Monday, July 30, 2007 | 7:04 a.m.
The secrets of human aging may be found in the DNA of a honey bee.
That, at least, is one of the theories behind UNLV life science professor Michelle Elekonich's research. She's part of a five-member team studying the DNA chip of honey bees for clues into why the pollinators age so fast. That in turn may lead to ways to slow that aging down - techniques that could be applied to humans , too.
The project is one of several benefitting from $50,000 seed grants being distributed by university President David Ashley to promote campus research. In one of his first major acts as president, Ashley in February set aside $1.25 million cobbled together from salary savings, end-of-year money that needed to be spent and ongoing research initiatives to provide money for professors to go after competitive grants. Professors have responded so enthusiastically that Ashley is working on another pot of money come September.
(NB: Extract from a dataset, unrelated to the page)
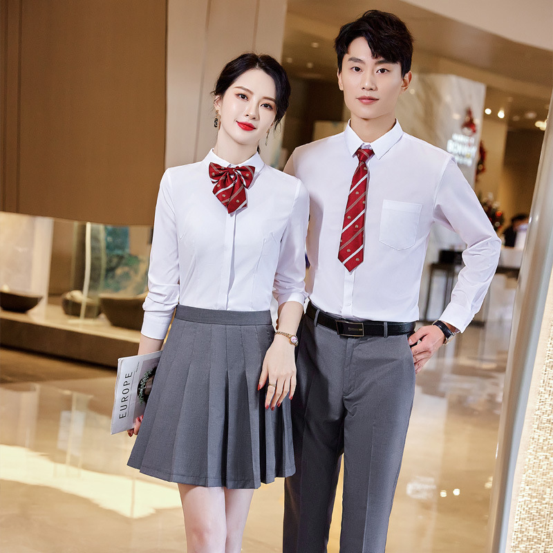 LLY-913 musim semi baru kemeja putih pakaian formal laki-laki dan perempuan siswa pakaian bisnis yang sama kemeja lengan panjang kelas kerja pakaian

UNLV has relied on federal earmarks, particularly from the Energy and Defense departments, as it has built its research reputation, and the internal grants were designed to help professors compete on their own, Ashley and other UNLV officials said.
"This is one of the ways that UNLV is investing in research to allow us to go to the next level," said Elekonich, who already has one National Science Foundation grant in conjunction with colleague Steve Roberts.
The grants allow professors to collect enough data in their area of research to prove their experiment will work and that the knowledge generated is worth additional funding from such agencies as the National Science Foundation or the National Institutes of Health.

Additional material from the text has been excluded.